Error 3: garanticé el trabajo del cliente. Escribí "si al cierre del mes 1 no tienen su primer proceso corriendo, ese mes no se cobra". Pero en ese servicio quien construye es el equipo del cliente. Si su gente no aparecía, yo devolvía dinero por algo que no controlaba.
Lo más incómodo del tercero: en mis propias notas del proyecto ya estaba escrito "no garantices lo que no controlas", tres líneas arriba de donde lo estaba haciendo. Escribir la regla no basta — hay que correr la prueba contra el texto final.
El checklist
Antes de mandar tu próxima propuesta:
- Promesa — ¿la puede repetir tu cliente en una junta a la que no entras?
- Bonos — ¿cada uno mata una objeción que el cliente dijo, o solo suma peso?
- Garantía — ¿puedes cumplirla tú solo, sin que el cliente mueva un dedo?
- Forma de pago — ¿está el total impreso? ¿el descuento está tapando un problema de promesa?
- Urgencia — ¿hay razón para decidir hoy? ¿alguna frase invita a posponer?
Si algo sale en rojo, arréglalo antes de enviar. Y cuando corrijas una palanca, barre el documento entero: el error se filtra. Una promesa encogida contamina la garantía y el "qué estás comprando". En mi caso fueron seis lugares, no solo el titular.
Lo último
Si haces los cinco y la propuesta sigue sin cerrar, el problema no es la oferta. Es precio, momento o interlocutor — y eso se ataca distinto.

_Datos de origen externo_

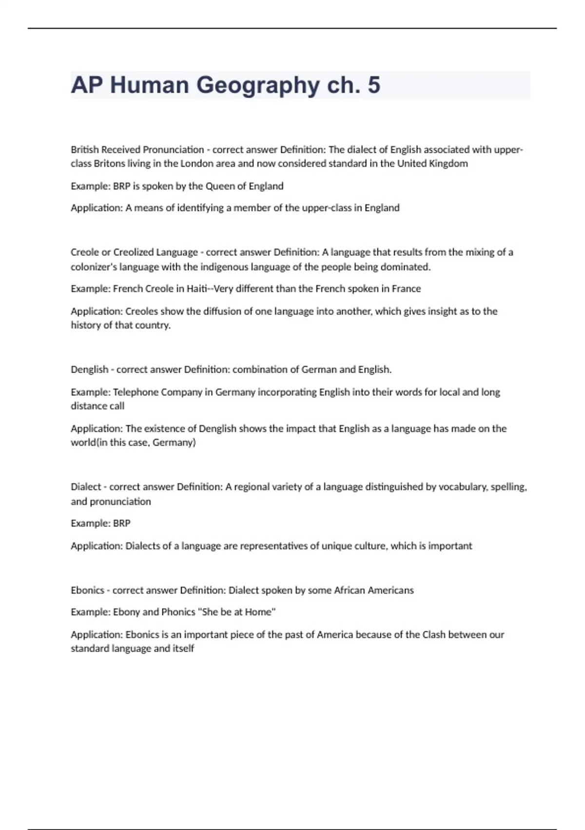 AP Human Geography ch. 5.British Received Pronunciation - correct answer Definition: The dialect of English associated with upper-class Britons living in the London area and now considered standard in the United Kingdom Example: BRP is spoken by the Queen of England Application: A means of identifying a member of the upper-class in England Creole or Creolized Language - correct answer Definition: A language that results from the mixing of a colonizer's language with the indigenous language of the people being dominated. Example: French Creole in Haiti--Very different than the French spoken in France Application: Creoles show the diffusion of one language into another, which gives insight as to the history of that country. Denglish - correct answer Definition: combination of German and English. Example: Telephone Company in Germany incorporating English into their words for local and long distance call Application: The existence of Denglish shows the impact that English as a language has made on the world(in this case, Germany) Dialect - correct answer Definition: A regional variety of a language distinguished by vocabulary, spelling, and pronunciation Example: BRP Application: Dialects of a language are representatives of unique culture, which is important Ebonics - correct answer Definition: Dialect spoken by some African Americans Example: Ebony and Phonics "She be at Home" Application: Ebonics is an important piece of the past of America because of the Clash between our standard language and itself Franglais - correct answer Definition: A term used by the French for English words that have entered the French language, a combination of franfais and anglai." the French words for "French" and "English," respectively. Example: Diffusion of english words such as "jeans", "cowboy", etc into the French Language Application: Franglais is VERY frowned upon--French is all about the purity of the language and the French block out all English so that the language remains pure. Ideograms - correct answer Definition: The system of writing used in China and other East Asian countries in which each symbol represents an idea or concept rather than a specific sound, as is the case with letters in English. Example: 您好老師 (hello teacher) Application: Entirely different from the English alphabet where we have sounds--SOUNDS VS IDEAS Isogloss - correct answer Definition: A boundary that separates regions in which different language usages predominate Example: Ireland and England-Same language, different dialect Application: Isoglosses not only separate dialects, but also cultures. Isolated Language - correct answer Definition: A language that is unrelated to any other languages and therefore not attached to any language family. Example: Japanese Application: An Isolated Language shows unique culture as well as gives insight as to how much interaction it has/had with other countries Language - correct answer Definition: A system of communication through the use of speech, a collection of sounds understood by a group of people to have the same meaning. Example: English Application: Language allows for communication between humans, something necessary for development/progress Language Branch - correct answer Definition: A collection of languages related through a common ancestor that existed several thousand years ago. Differences are not as extensive or old as with language families, and archaeological evidence can confirm that these derived from the same family.

Pero si nunca los revisaste, empieza por la promesa. Es la que más pesa, y es la que yo tenía rota mientras creía que mi problema era el precio.
¿Tienes una propuesta abierta que no ha contestado nadie? Léela con esta lista al lado. Si la promesa no pasa la prueba de la junta, ya sabes por dónde empezar — y no es bajando el precio.